Friends and members of the community remembered Charlie fondly following the news of his death.

“Charlie was the very first Queen we hired and of course we didn’t make her audition,” Yvonne Lame, the owner of Lips Atlanta, wrote on Facebook. “She had already been a star for decades, and her talent and reputation preceded her. I remember sitting there with Fred, Charlie, and Michael describing our vision for Lips Atlanta and literally begging her to come on board to be our main star, our weekend show hostess and MC. In great Charlie fashion, she didn’t immediately say yes but after a few days of probably asking around about us she excepted. And the rest is drag history. Thanks to Charlie Lips Atlanta is and was an immediate success… We will immortalize her here at Lips with a portrait of her in the center hall. A photograph of Charlie in her glory days doing what she so loved to do more than anything, perform.”

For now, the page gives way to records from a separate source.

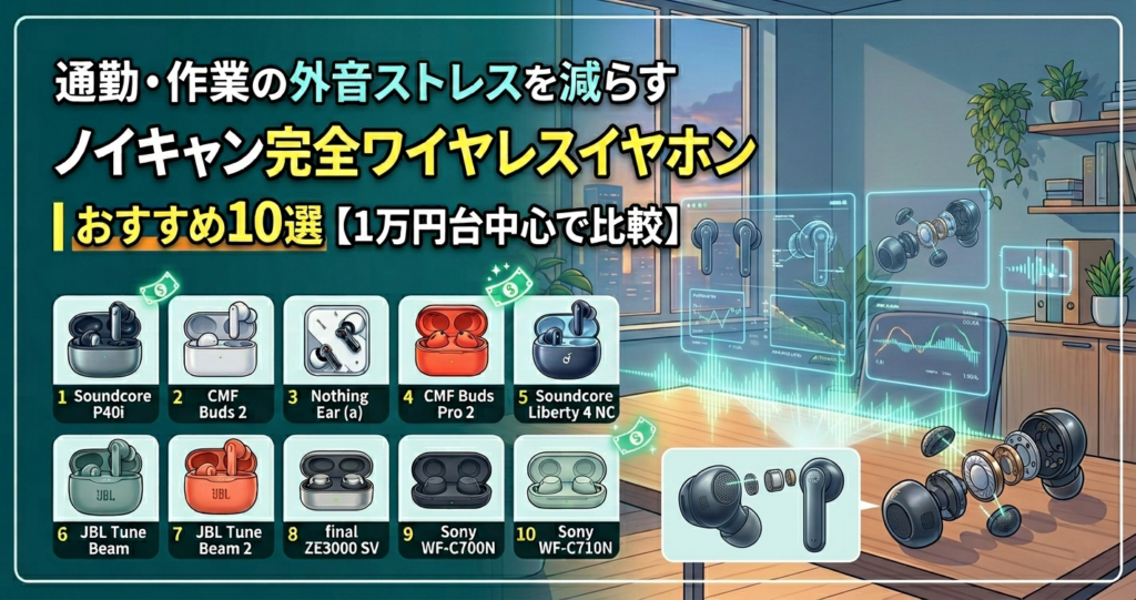 通勤・作業の外音ストレスを減らすノイキャン完全ワイヤレスイヤホン|おすすめ10選【1万円台中心で比較】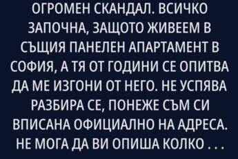 Майка ми и аз наскоро имахме огромен скандал. Всичко започна, защото живеем в същия панелен апартамент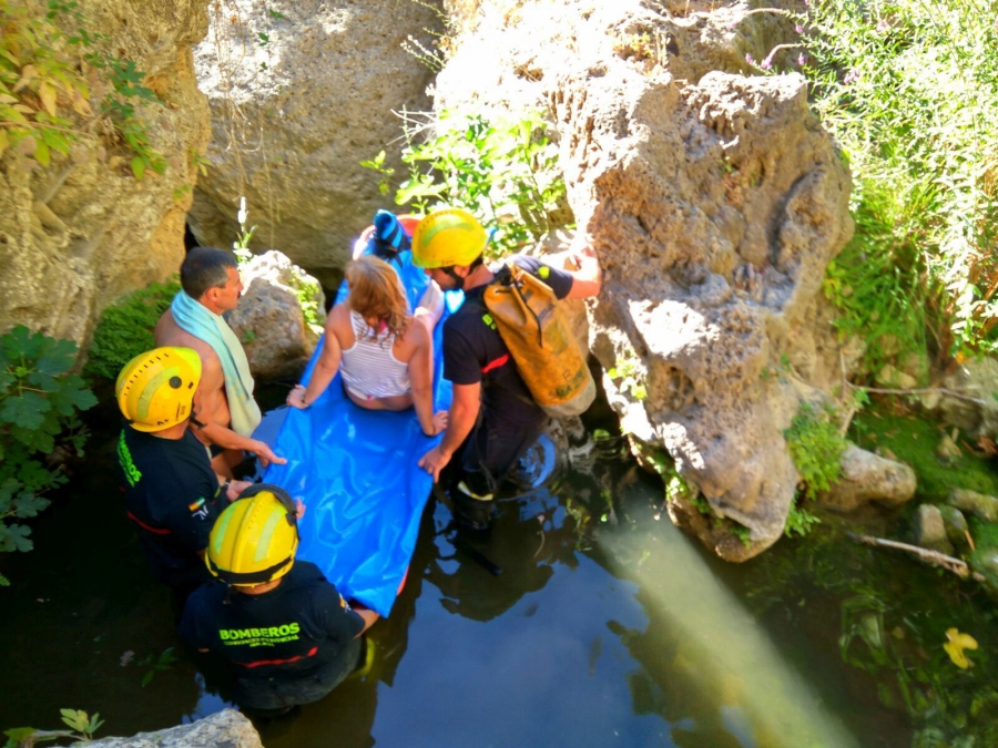 Efectivos del Consorcio Provincial de Bomberos rescataron en la tarde de ayer a una turista portuguesa de 53 años de edad que sufrió una caída desde unos cinco metros de altura mientras se bañaba en el río Guadalevín, en el fondo del Tajo, en una poza próxima al albergue Los Molinos.

“My best friend and drag mother Charlie Brown gained his wings tonight,” Mona Lott Moore-Brown wrote on Facebook. “I miss you already and love you forever, fly high my angel. Thanks for the laughs.”

“The first time I saw you perform at Backstreet, I sat right up front and you caressed my face and sang to me and I was over the MOON!” Allison Funderburk wrote. “Your humor and charm [were] contagious. and everyone that ever met you or saw you perform fell in love with you! ‘If you can’t laugh at a 74-year-old fat, baldheaded man in a dress, you don’t have any business being out in Atlanta after dark.’”

“When I moved here, I met [Charlie] at [Lips Atlanta] and we hit it off… The conversation we had you would have thought we [had] known each other before I moved here,” Dana Counce said. “I can’t recall how she would introduce me on stage, but she always made me feel loved when I hit that stage.”